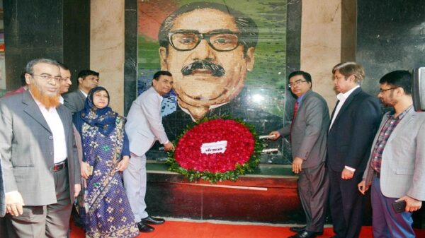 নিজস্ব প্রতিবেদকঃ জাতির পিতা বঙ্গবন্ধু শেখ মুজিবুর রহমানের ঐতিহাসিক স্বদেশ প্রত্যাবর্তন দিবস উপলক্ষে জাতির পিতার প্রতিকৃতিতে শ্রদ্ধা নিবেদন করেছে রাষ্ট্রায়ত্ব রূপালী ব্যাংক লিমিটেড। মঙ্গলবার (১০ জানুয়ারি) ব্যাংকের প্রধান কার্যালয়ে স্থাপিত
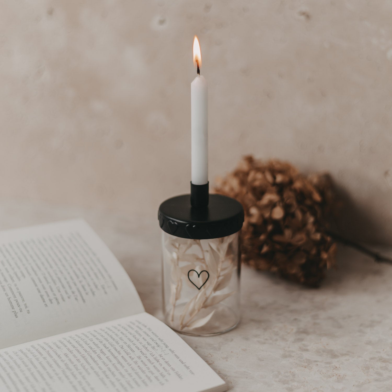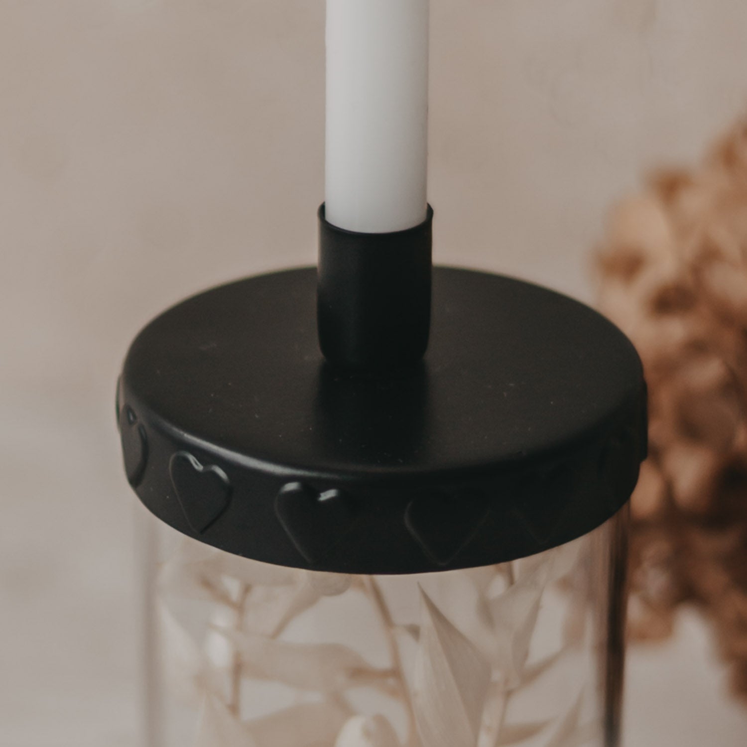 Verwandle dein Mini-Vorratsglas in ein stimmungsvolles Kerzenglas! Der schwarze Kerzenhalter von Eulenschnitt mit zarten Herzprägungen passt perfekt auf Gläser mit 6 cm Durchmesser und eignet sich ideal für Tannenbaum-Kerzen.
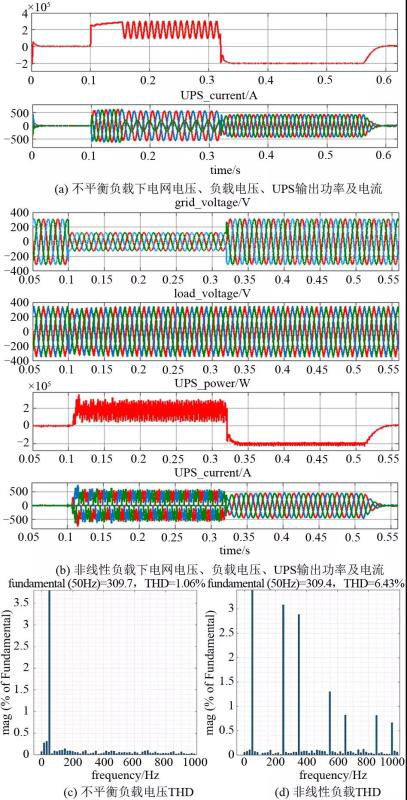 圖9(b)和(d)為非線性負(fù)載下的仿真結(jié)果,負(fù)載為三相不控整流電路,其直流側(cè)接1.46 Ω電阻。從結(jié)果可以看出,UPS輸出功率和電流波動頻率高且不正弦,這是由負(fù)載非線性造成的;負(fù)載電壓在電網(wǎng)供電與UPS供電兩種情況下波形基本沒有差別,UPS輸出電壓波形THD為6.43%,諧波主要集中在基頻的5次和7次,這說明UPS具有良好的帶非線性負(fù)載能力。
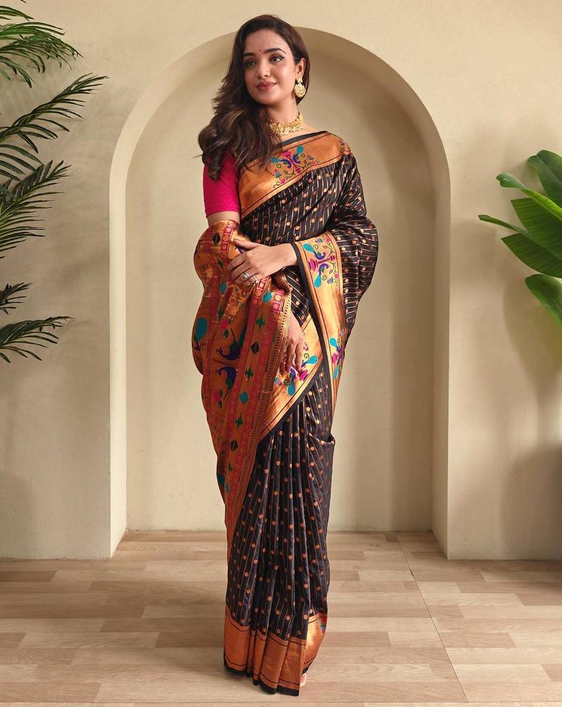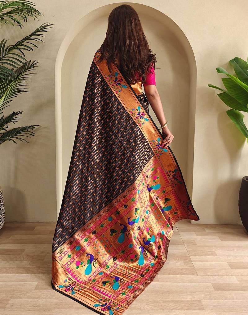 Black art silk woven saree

+ + + + +

Send back the listing exactly as it stands. Do not include the pictures.

 নিজস্ব প্রতিবেদকঃ জাতির পিতা বঙ্গবন্ধু শেখ মুজিবুর রহমানের ঐতিহাসিক স্বদেশ প্রত্যাবর্তন দিবস উপলক্ষে জাতির পিতার প্রতিকৃতিতে শ্রদ্ধা নিবেদন করেছে রাষ্ট্রায়ত্ব রূপালী ব্যাংক লিমিটেড। মঙ্গলবার (১০ জানুয়ারি) ব্যাংকের প্রধান কার্যালয়ে স্থাপিত
 Verwandle dein Mini-Vorratsglas in ein stimmungsvolles Kerzenglas! Der schwarze Kerzenhalter von Eulenschnitt mit zarten Herzprägungen passt perfekt auf Gläser mit 6 cm Durchmesser und eignet sich ideal für Tannenbaum-Kerzen.
 圖9(b)和(d)為非線性負(fù)載下的仿真結(jié)果,負(fù)載為三相不控整流電路,其直流側(cè)接1.46 Ω電阻。從結(jié)果可以看出,UPS輸出功率和電流波動頻率高且不正弦,這是由負(fù)載非線性造成的;負(fù)載電壓在電網(wǎng)供電與UPS供電兩種情況下波形基本沒有差別,UPS輸出電壓波形THD為6.43%,諧波主要集中在基頻的5次和7次,這說明UPS具有良好的帶非線性負(fù)載能力。
 Black art silk woven saree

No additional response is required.